*** SUPPLIED MATERIAL ***

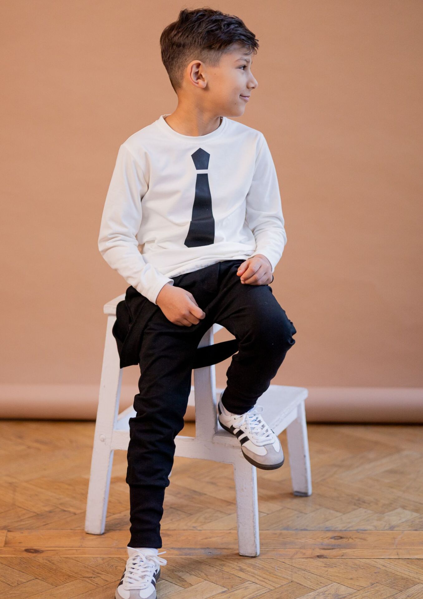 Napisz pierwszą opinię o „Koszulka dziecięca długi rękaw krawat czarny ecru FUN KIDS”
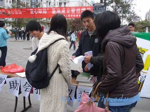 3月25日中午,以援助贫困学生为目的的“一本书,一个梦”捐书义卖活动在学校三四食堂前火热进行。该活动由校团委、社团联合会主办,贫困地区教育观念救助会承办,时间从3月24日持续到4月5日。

*** End of SUPPLIED MATERIAL ***
*** SUPPLIED MATERIAL ***

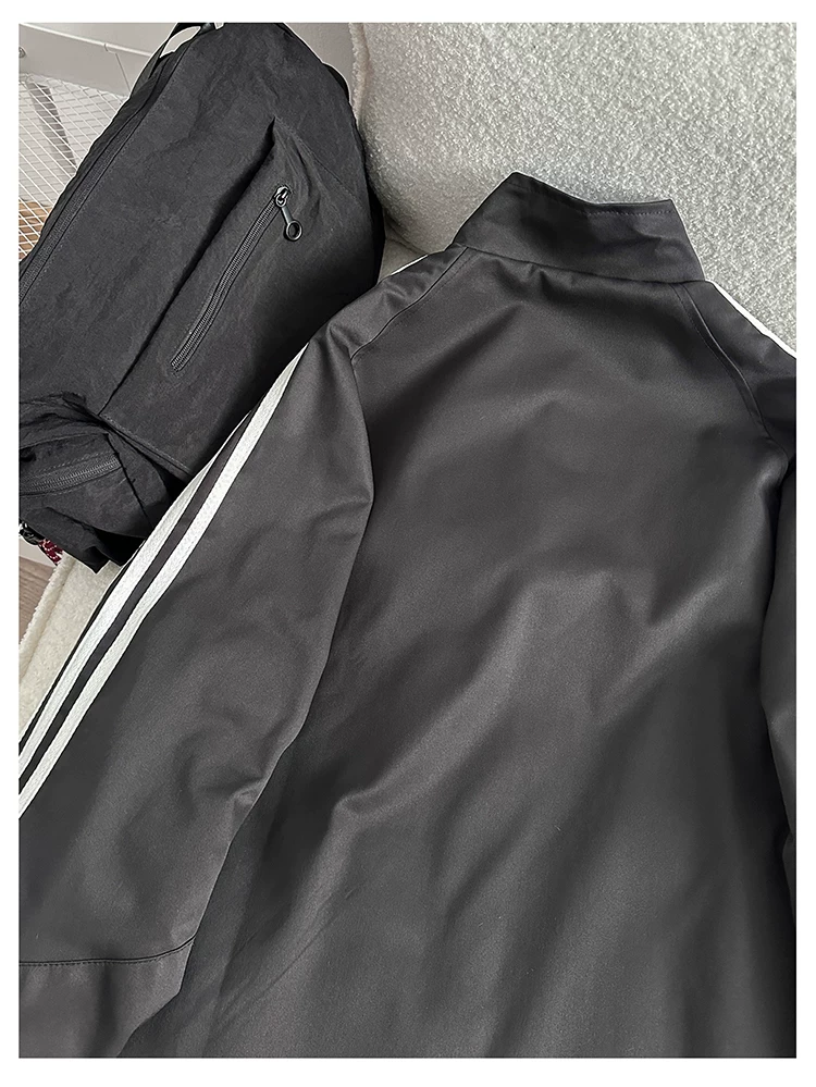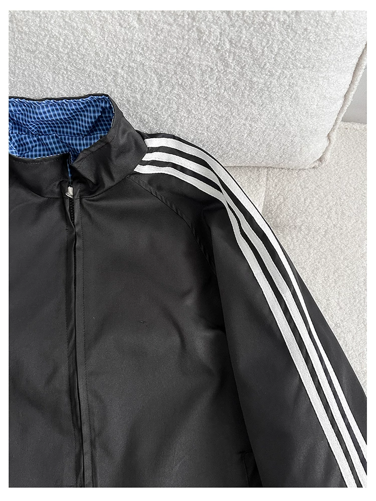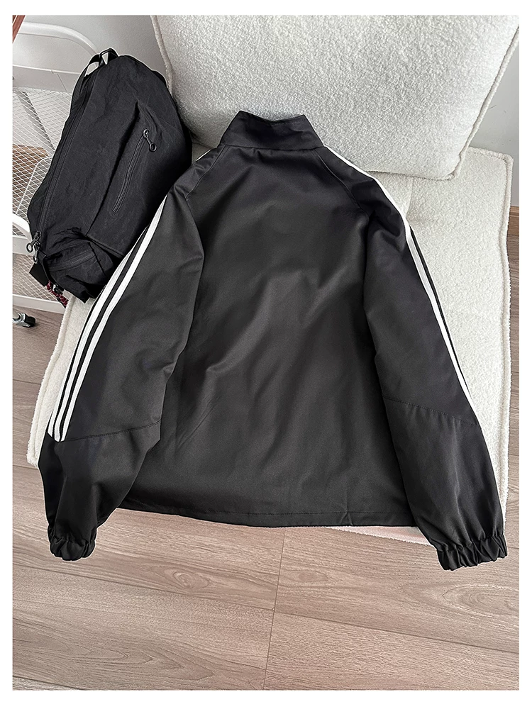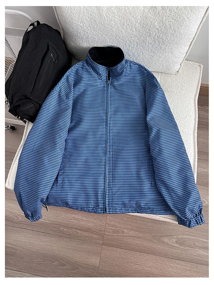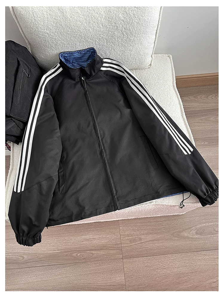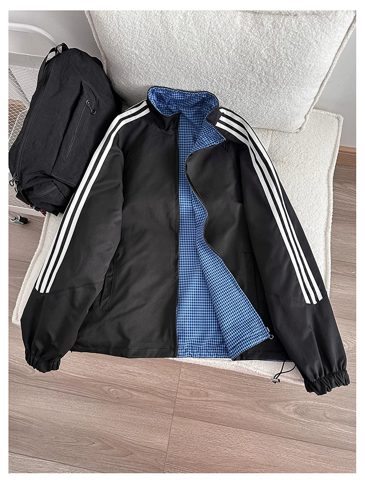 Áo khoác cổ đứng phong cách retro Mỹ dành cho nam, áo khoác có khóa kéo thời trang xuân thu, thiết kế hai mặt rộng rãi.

*** End of SUPPLIED MATERIAL ***

## EXERCISE
Extract from the material above the stretch running from the line containing "Napisz pierwszą opinię" through the line containing "3月25日中午,以援助贫困学". Keep the text exact and the pictures out.

## THE COMPLETED TASK
 Napisz pierwszą opinię o „Koszulka dziecięca długi rękaw krawat czarny ecru FUN KIDS”
 3月25日中午,以援助贫困学生为目的的“一本书,一个梦”捐书义卖活动在学校三四食堂前火热进行。该活动由校团委、社团联合会主办,贫困地区教育观念救助会承办,时间从3月24日持续到4月5日。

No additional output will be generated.